Last Updated on January 24, 2022 by The Health Master
Labelling cosmetics as vegetarian and non-vegetarian cannot be made mandatory for manufacturers and they may do so voluntarily or on their own discretion, the Central Drugs Standard Control Organization (CDSCO) has told Delhi high court.
In an affidavit filed before a bench of Justices Vipin Sanghi and Jasmeet Singh, the CDSCO said that the Drugs Technical Advisory Board (DTAB) has not “agreed for mandating green (for vegetarian) or red (for non-vegetarian) dot on every packet of cosmetic as it may complicate the regulation and add regulatory burden on the stakeholders”.
The board, however, opined that labelling items such as oaps, shampoos, toothpastes and other cosmetics and toiletries can be made voluntary and left on the manufacturer to decide, the drug regulatory body said.
Subsequently, an advisory stating that “manufacturers of cosmetics may indicate red/brown or green dot on packages of soaps, shampoos, toothpastes and other cosmetics and toiletries on voluntary basis for its vegetarian or non-vegetarian origin respectively” was issued on September 10 last year, it added.

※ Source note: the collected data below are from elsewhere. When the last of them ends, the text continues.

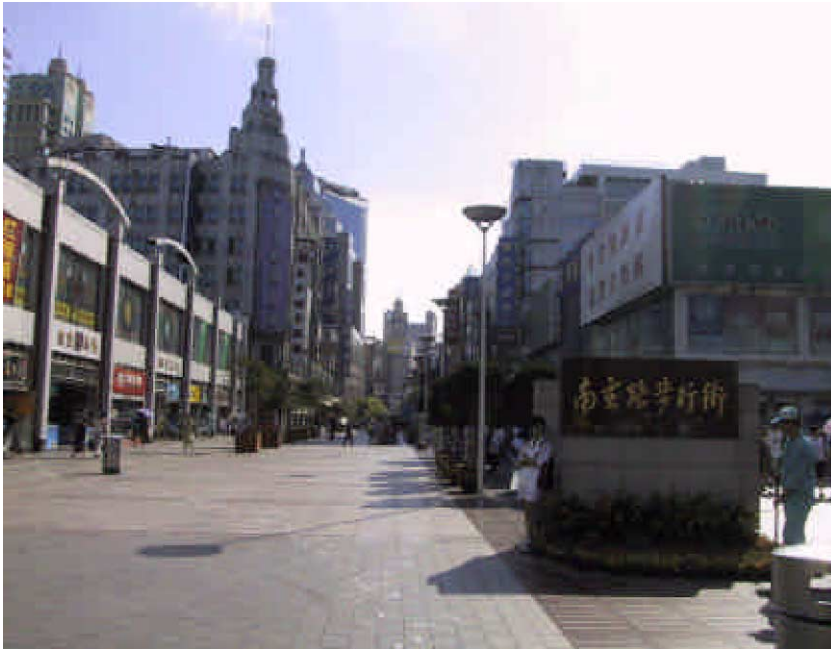
Fig. 7. The new Nanjing Road.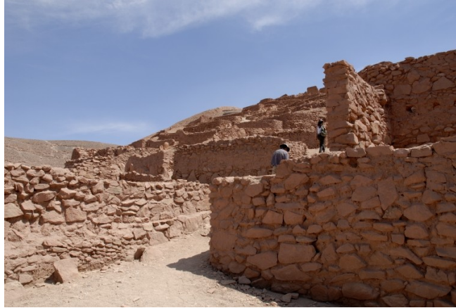
Pukara of Quito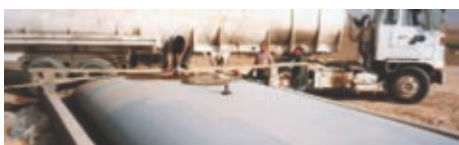
40 m 3 fuel with retention (nitrile)

Withstands to the most corrosive products, D & H flexible tanks are the most reliable and economical solution, used by numerous armies throughout the world.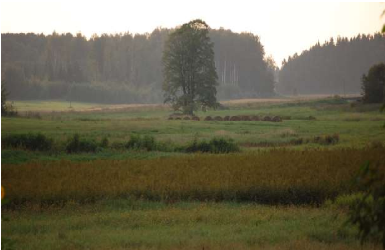
Latvian grassland in Madliena.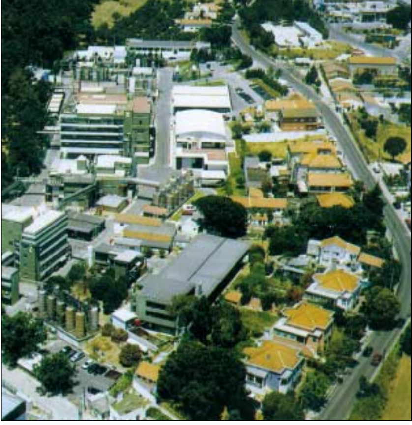
The main Hovione site is on the outskirts of Loures

Hovione has become a global player, with facilities on three continents and sales patterns to match. Turnover was just over €80 million in 2001, of which 55% was in North America, 25% in Europe, 12% in Japan and 8% elsewhere. World-wide, production capacity is now over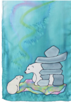
Lagoon Blue 745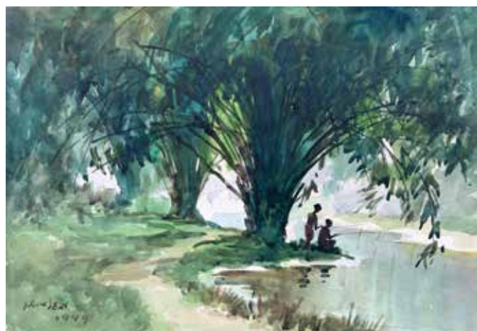
YONG MUN SEN By the River, 1949 Watercolour on paper 38 x 56 cm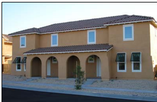
Privatized housing at Fort Irwin

ORNL is collaborating with the U.S. Army and several industry partners to showcase cool roofs that mitigate heat gain by high reflectance and new ventilation schemes through a study at Fort Irwin in Southern California. All costs for actual roof construction are borne by roofing manufacturers and the base housing budgets.

The CDSCO’s affidavit was in response to a plea by Ram Gau Raksha Dal, a non-governmental trust, which sought labelling the products, including food items and cosmetics” as vegetarian or non-vegetarian, not only on the basis of its ingredients but also on the substance used in the manufacturing process.

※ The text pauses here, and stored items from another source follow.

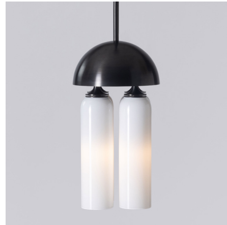
Shown in dark oxidized / white

The Crown Pendant features a quartet of handblown glass cylinders capped by a metal dome. The tops of the glass cylinders curve to echo the dome shape, creating a harmoniously symmetrical silhouette. Crown's geometric design will complement a wide variety of decor styles.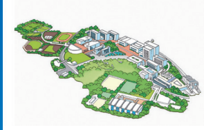
多摩キャンパス (東京都八王子市) Tama Campus Hachioji-shi, Tokyo

Vast campus with fully-realized facilities, located in the Tama area in western Tokyo, about an hour by train from central Tokyo. The rent in the area around the university is cheap, making it a convenient area for lifestyles.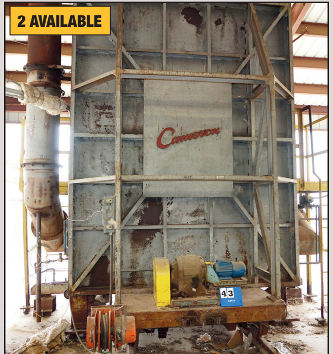
MAXON 2000 DEGREE FURNACE, 6' X 6' OPENING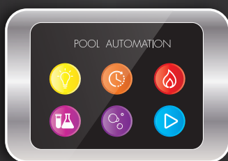
POOL CONTROLLER COMPATIBLE*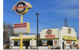
Hamburger Stand Regular hamburger $0.59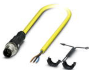
Sensor/actuator cable, 3-position, PVC, yellow, Plug straight M12 SPEEDCON, A-coded, on free cable end, cable length: 5 m

Please be informed that the data shown in this PDF Document is generated from our Online Catalog. Please find the complete data in the user's documentation. Our General Terms of Use for Downloads are valid ( http://phoenixcontact.com/download )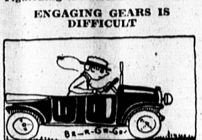
ENGAGING GEARS IS DIFFICULT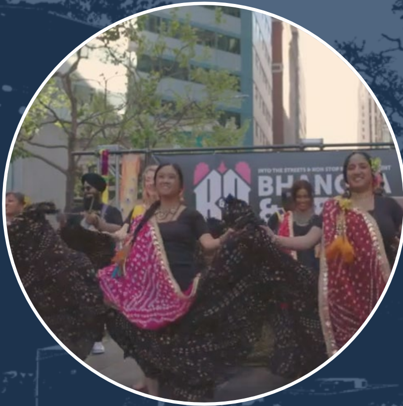
FREE DOWNTOWN CONCERTS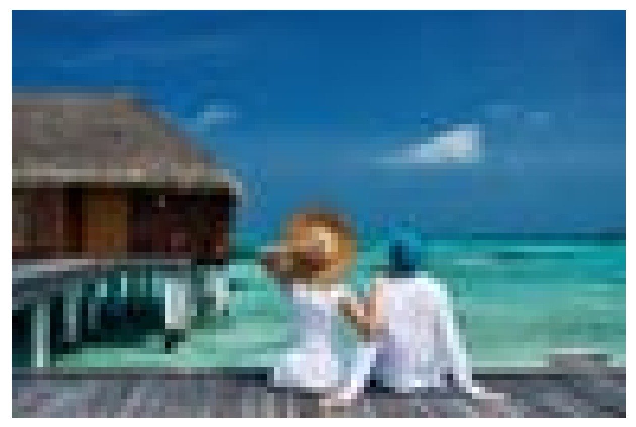
Travelers are asked to wear masks in public areas and social distance from other travelers. It's ... [+]

In the same spirit of hospitality workers being vaccinated, travelers must also show that they are Covid negative. While travelers are not required to be vaccinated prior to arrival, they are required to show a negative PCR test before embarking on their flight to the Maldives. This test must be administered no more than four days prior to departure. (Many airports, including New York's JFK, offer PCR tests with results in less than two hours.) Once at the resort in the Maldives, travelers must be tested again. While many vacationers tend to stay at just one resort for an extended period of time, if you are planning to travel from resort to resort, be aware that Covid tests are required at each property.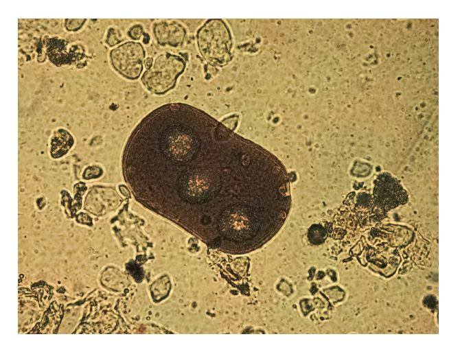
Fig. 2. Packet of eggs of Dipylidium caninum . Magnification 200×.

examination of proglottids showed characteristic brown packets with D. caninum eggs. There were a dozen or more packets in each proglottid containing from one to a few, mostly 3–4 eggs. In direct preparations in 0.9% sodium chloride and in Lugol's solution, single packets with D. caninum eggs were found. The decantation technique, revealed many D. caninum egg packets (Fig. 2). The eggs contained round oncospheres with thick embryonic membranes around them. Preparations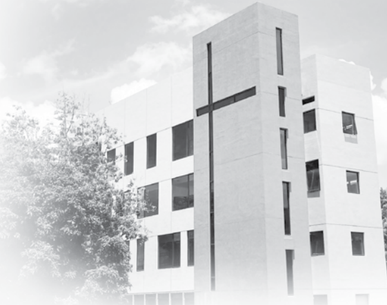
The New Academic Building (August 26, 2021)

The construction work of the new academic building under the "Faith, Hope, and Love Project" is estimated to be completed this October. Internal Decoration will begin soon after the issuance of the Occupation Permit for the building. As of mid-October, HKBTS has been blessed by our Lord through churches and individuals with HK$43 million to pay for the actual construction costs. We request your continuous support by prayers and monetary donations for HKBTS to meet the fundraising target at HK$70 million.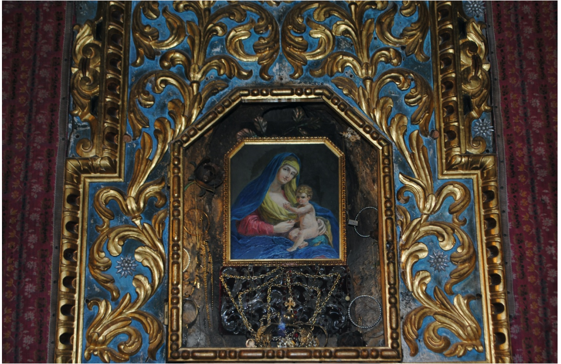
Fig. 59 Madonna of the Maple (copy), 19th century, copperplate painting, 280 x 260 mm. Sanctuary of the Madonna of the Maple, Lizzano in Belvedere. (Photo: Author.).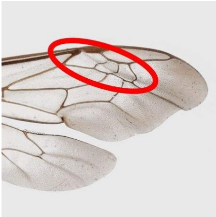
(a) Nomada emarginata Male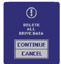
Rapid Secure Wipe Self-Destruct Mode (Optional)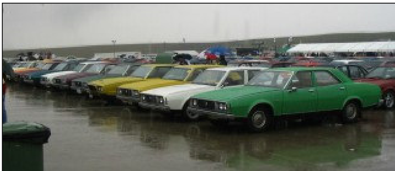
P76s at the Australian Muscle Car Masters, 30 October.

Canberra and Districts Leyland P76 Club Newsletter November 2005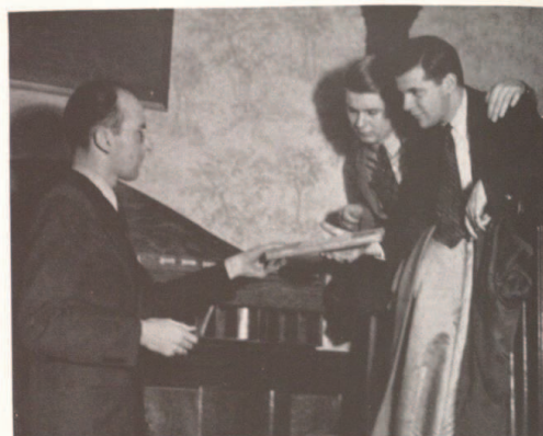
"Have You Forgotten so Soon"

Theta Deuteron endeavors to maintain a balance among extra-curricular activities, social functions, and scholastic work. Every man may be credited with some activity, although the personal selection varies widely. Athletics draw both players and managers; undergraduate publications entertain some; others are attracted to the more purely social institutions, such as the Glee Club or professional societies. Three formal dances are held at the chapter house during the year, and they are supplemented by frequent in-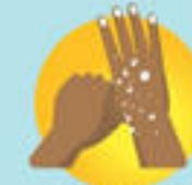
CLEAN THUMBS WASH FINGERNAILS AND FINGERTIPS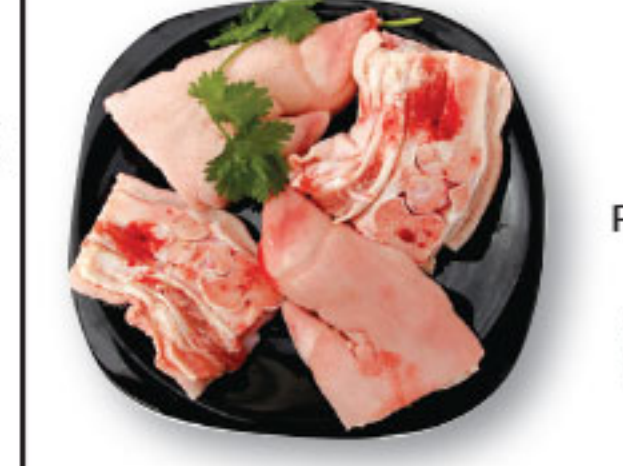
Cut Up Pig's Feet Frozen & Thawed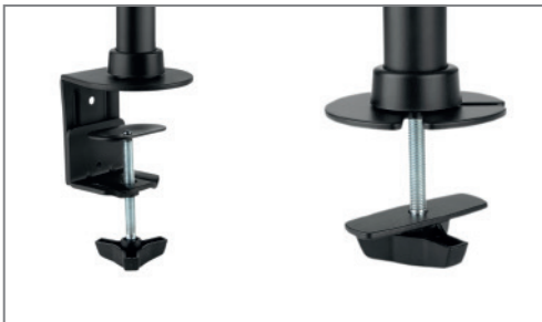
clamp or screw mounting possible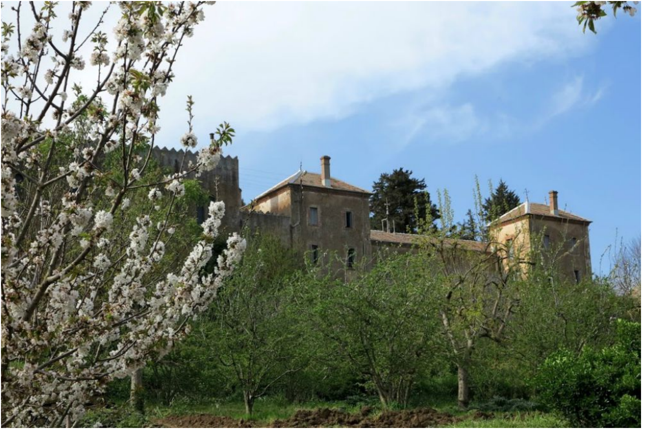
The Monastery of Notre Dame de l'Atlas near Medea, Algeria, is pictured in this undated photo.

The petition, filed through advocate Rajat Aneja, said that it is the fundamental right of any citizen to know whether or not the food they consume, cosmetics and perfumes they use, clothes/garments they wear, contain, or are manufactured by using, components or parts derived from the body of an animal.
Taking note of the plea, the high court on December 9 had made it mandatory for all food business operators to make a “full and complete disclosure” of all the ingredients that go into the making of any food item.
The court ruled that “every person has a right to know as to what he/she is consuming and nothing can be offered to the person on a platter by resort to deceit, or camouflage”.
The court also said that the ingredients used in the manufacturing process should not only be written in code, but also by source of origin -plant or animal, made naturally or manufactured in a laboratory. It also threatened action against food operators who fail to comply with the order.
The court, however, did not mention anything about cosmetic products.
In its affidavit, CDSCO said that at a meeting of the DTAB on April 13 last year, the board emphasised that there is no clarity and system to certify vegetarian and non-vegetarian in cosmetic products across the country.
The matter is slated for a hearing on January 31.